What was less clear was the decision to merge it with the American Ninja series. Industry experts cited the studio’s vast debt overhang resulting from the overall poor commercial performance of the American Ninja films, but rumors circulated about money laundering schemes, real deaths being used as stunts, the gang-rape of the female lead in her trailer by most of the male cast, and a whole host of other shockingly vile allegations, though none ever even made it into the blind items. Money changed hands. Threats were made. A paparazzo was kneecapped, then urinated upon, by someone who claimed to be a cop and flashed a badge, and photos of the micturition-shooting were sent to the hosts of Entertainment Tonight with the warning: you could be next.

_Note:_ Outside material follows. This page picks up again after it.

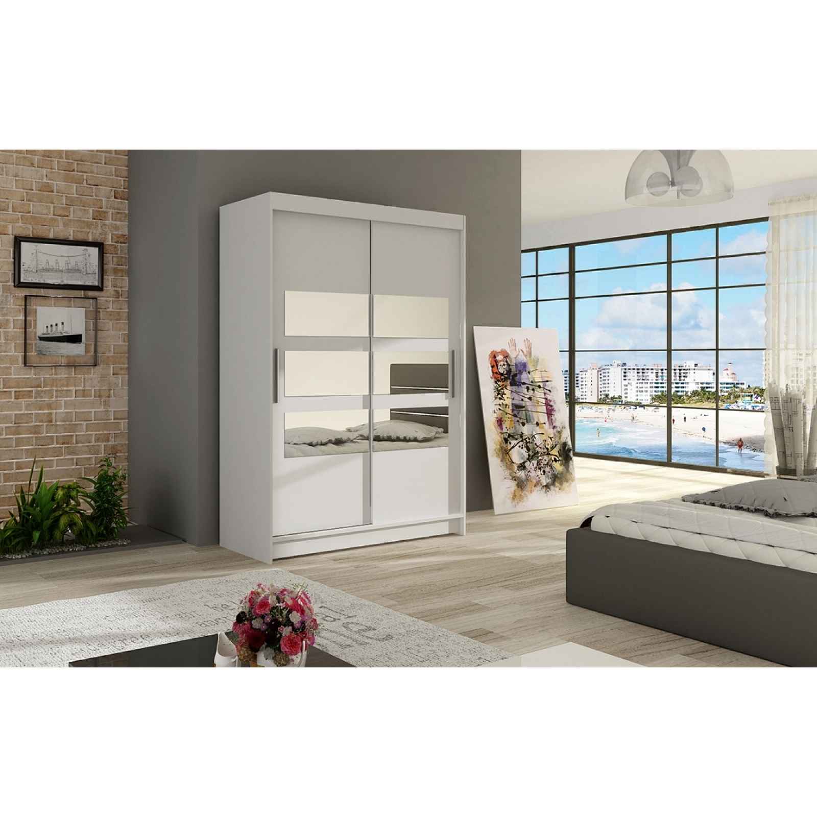 Šatní skříň se zrcadlovými pruhy Barva: bílý mat Rozměry (šxhxv): 120 x 58 x 200 cm Materiál: - laminovaná deska o tloušťce 16 mm, hrany ABS - hliníkové kolejnice Sevroll Dodání v demontu. Záruka 24 měsíců.

Still, the heat was on most of the principals of the American Ninja project. One by one, under different circumstances but still suspiciously enough one could be forgiven for thinking that some kind of point was being made, they disappeared or died. A month-long safari turned into a missing persons report for the star of the films. The director set sail, solo, to Hawaii from Malibu on a 25-foot cutter and even the boat was never recovered. A producer was shot dead in Tel Aviv, though that was reputed to be over a personal debt. Another was hacked up with his wife and children during what was considered a home invasion robbery, though it could not be demonstrated what precisely was stolen.

So, it then appeared that the sort of people you don’t fuck around with wanted, or perhaps needed, to maintain the corporate structure associated with that film, especially its messy, impenetrable financial organization, and accommodations were made. Or, more accurately, forced.

It was an unmitigated disaster, nearly as bad as Dunston Loops Time, though some critics and audiences praised the suspiciously realistic action sequences, the screams of surprised terror as arms were sawed off, the smashed-in heads, the bodies ripped in two or even disintegrated by machine-gun fire, the bodies flung from high-rises and slamming into parked cars 40 stories below, the bodies turned to mist after being shoved into fan blades on helicopters or hovercraft; an almost unending stream of violence and gore allowed the film to nearly meet a break-even point by standard accounting methods, so it was useless as a money-laundering vehicle, and the rest of the film was roundly mocked, becoming a staple of late-night monologues and barroom jokes, the group sex scenes, the dog trained to recover shuriken and other discarded weapons, the assertion that Jesus spent his silent years studying ninjitsu in Japan, all this conspired to rob the film of any sense of the legitimacy the action scenes established. The writer was not only ruined, he was marked. The silent partners, rumored to be responsible for so much painful mystery in Los Angeles, had a plan for him. Gang members were hired. An SUV was stolen, and its cargo compartment lined with thick plastic. He again fled the country, and again went into hiding.